After reviewing the original and redacted versions, O’Reilly has asked the regulator to explain why some details were blacked out in CSRs requested by an independent researcher, saying in a letter to EMA Executive Director Guido Rasi she has “doubts and concerns” about their legality.
The Humira (adalimumab) CSRs have been at the centre of a legal dispute between AbbVie and the EMA, with the company suing the regulator last year to try to keep details hidden.

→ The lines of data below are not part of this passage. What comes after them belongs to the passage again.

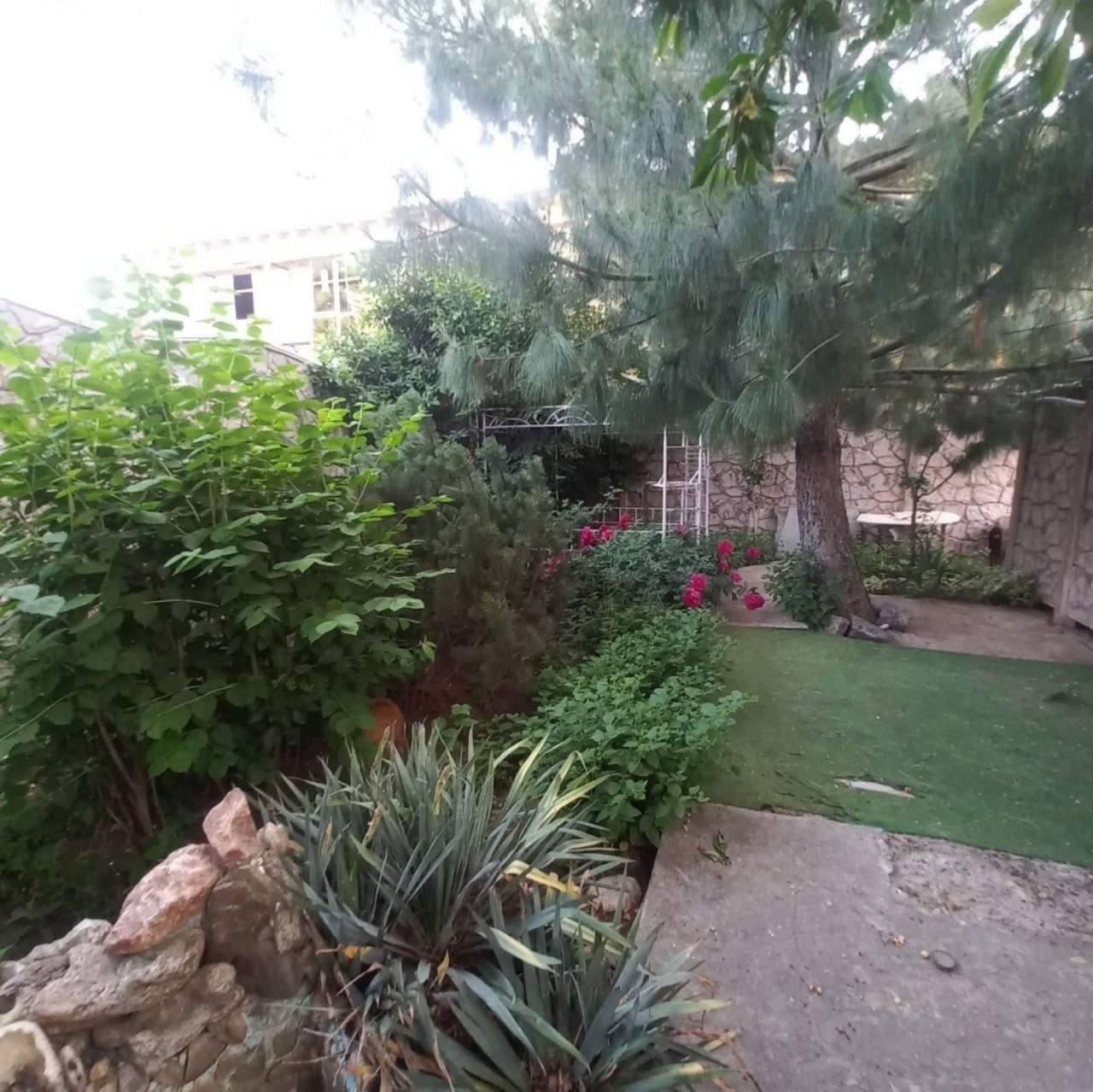 Зелёная территория с фруктовыми деревьями, розами и декоративными растениями создаёт ощущение собственного уголка природы в городе.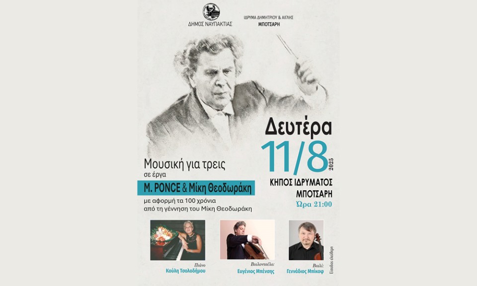 Στο πλαίσιο των εκδηλώσεων του Δήμου Ναυπακτίας για το Καλοκαίρι του 2025, και με αφορμή τη συμπλήρωση των 100 χρόνων από τη γέννηση του Μίκη Θεοδωράκη, παρουσιάζεται στον Κήπο του Αρχοντικού Μπότσαρη (Ιδρύματος Δημητρίου και Αίγλης Μπότσαρη), την Δευτέρα, 11 Αυγούστου 2025 και ώρα 21:00’, η μουσική εκδήλωση «Μουσική για Τρεις» με έργα M.PONCE και Μίκη Θεοδωράκη.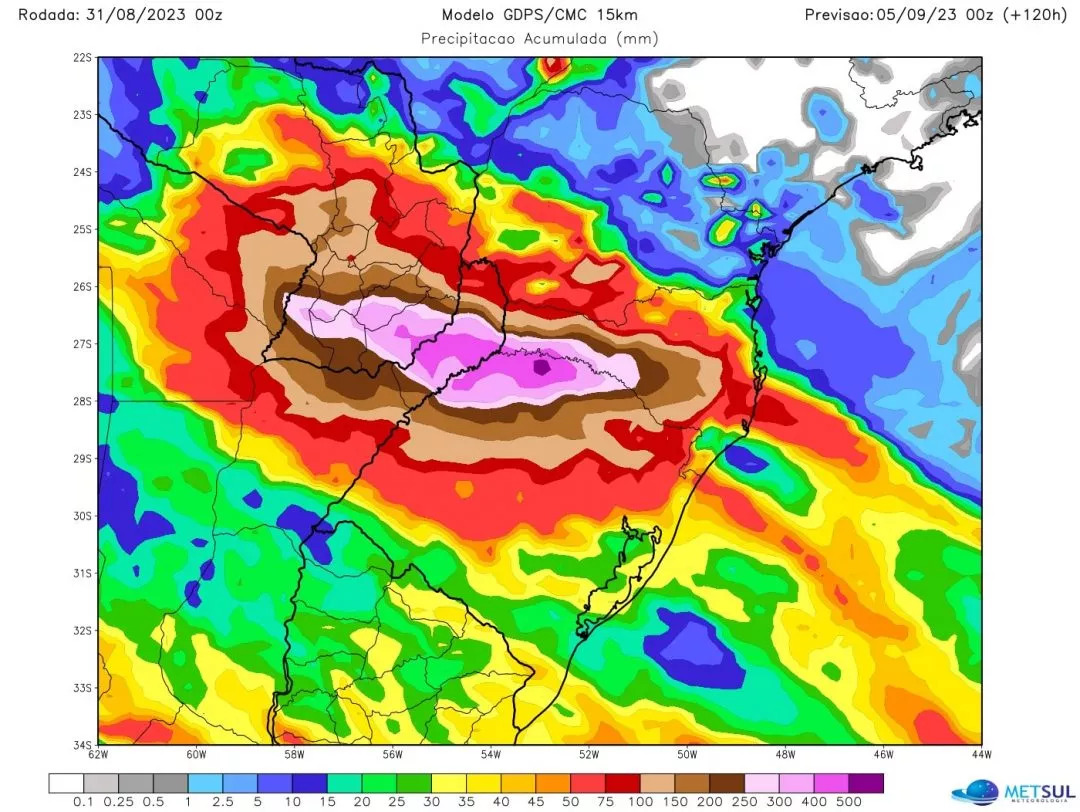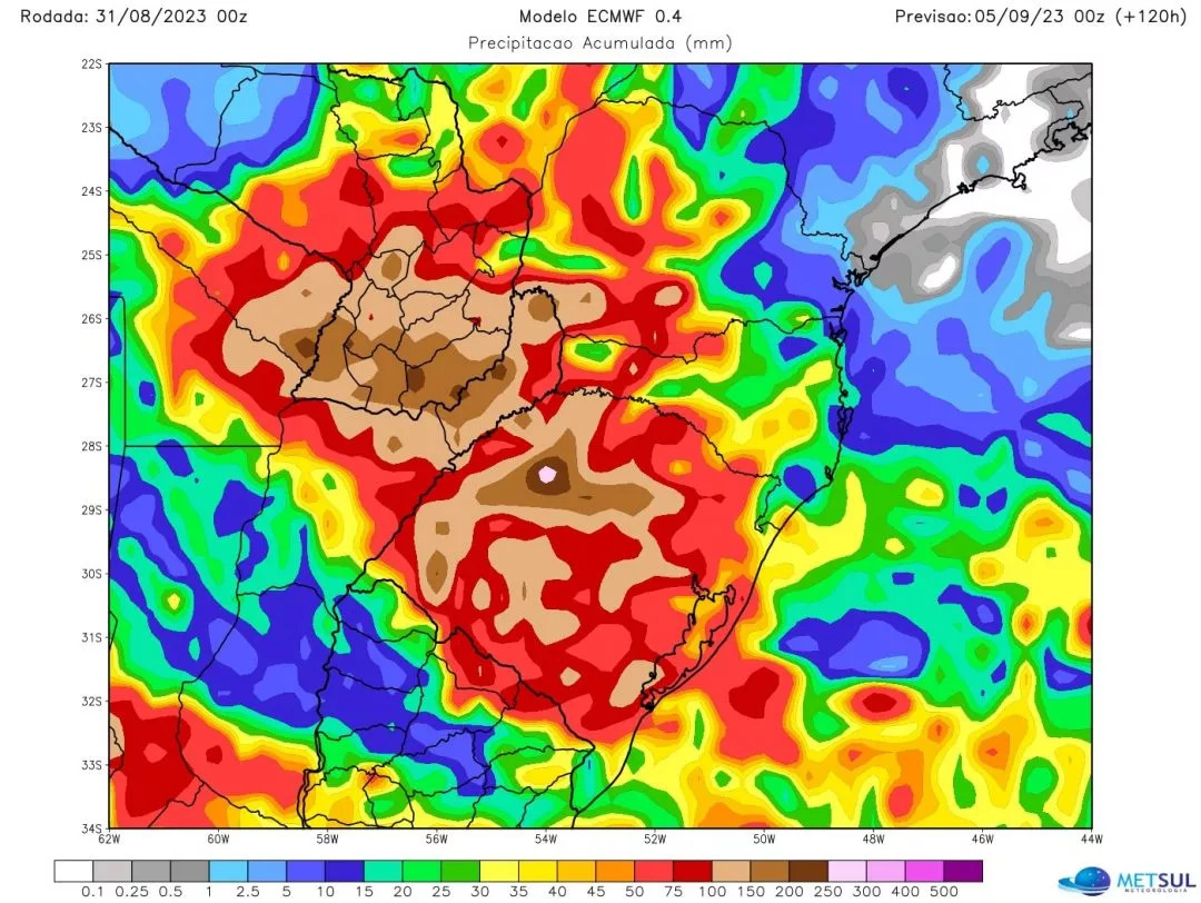 O prognóstico da MetSul, com base nestes modelos e outras simulações computadorizadas que são utilizadas pela empresa, indica chuva acima de 100 milímetros em várias regiões do Rio Grande do Sul entre esta sexta-feira (1º) e o final da segunda-feira (4) com marcas de 200 milímetros a 300 milímetros em algumas áreas e isoladamente superiores (mais de 300 milímetros). A região que deve concentrar os mais altos acumulados de precipitação se concentra do Centro para o Norte gaúcho, sobretudo a Metade Norte.

As part of a settlement agreement in April the EMA agreed to redact some of the information, prompting the Ombudsman’s enquiry.
In the letter, O’Reilly notes that some redactions were clearly justified as they pertained to personal data of patients while others relating to companies providing services to AbbVie are also legitimate as they “may be considered to relate to the confidential business relationships.”
She is unhappy about others, however, such as the redaction of a section explaining the rationale for Humira dose selection because of an unspecified “ongoing development” and asks whether the EMA is aware of this development or has simply relied on the company’s “unsubstantiated assertion.”
Other problematic redactions – 16 in total – relate to sections covering the determinations of sample, protocol and statistical changes, statistical methods, secondary endpoints in trials and lot numbers, among others.
The Ombudsman asked for a reply to her letter by January 31 2015, but the EMA was quick to publish preliminary feedback on the criticism, adding it would send a detailed response in due course.
In a statement, it said that while there is clear guidance on what personal details should be redacted, the procedure for commercially confidential information is considerable more vague.
The agency now finds itself between a rock and hard place, with the terms of its lawsuit settlement on one side and the Ombudsman on the other, and how the EMA navigates between the two will likely have implications on the interpretation of clinical trial transparency policy in Europe.
The EMA revealed its policy on publishing clinical trial results last month, but drew immediate criticism from organisations such as the AllTrials transparency pressure group for a number of elements contained in the document, including the redactions process.
“Stakeholder feedback and experience continue to shape EMA’s understanding of commercially confidential information,” said the agency in its response to O’Reilly’s letter, although it points out that it “is responsible for ruling on any redactions of documents to be published.”
“Based on experience and stakeholder feedback, the agency is continuously improving its understanding of what can and cannot be considered confidential,” it added.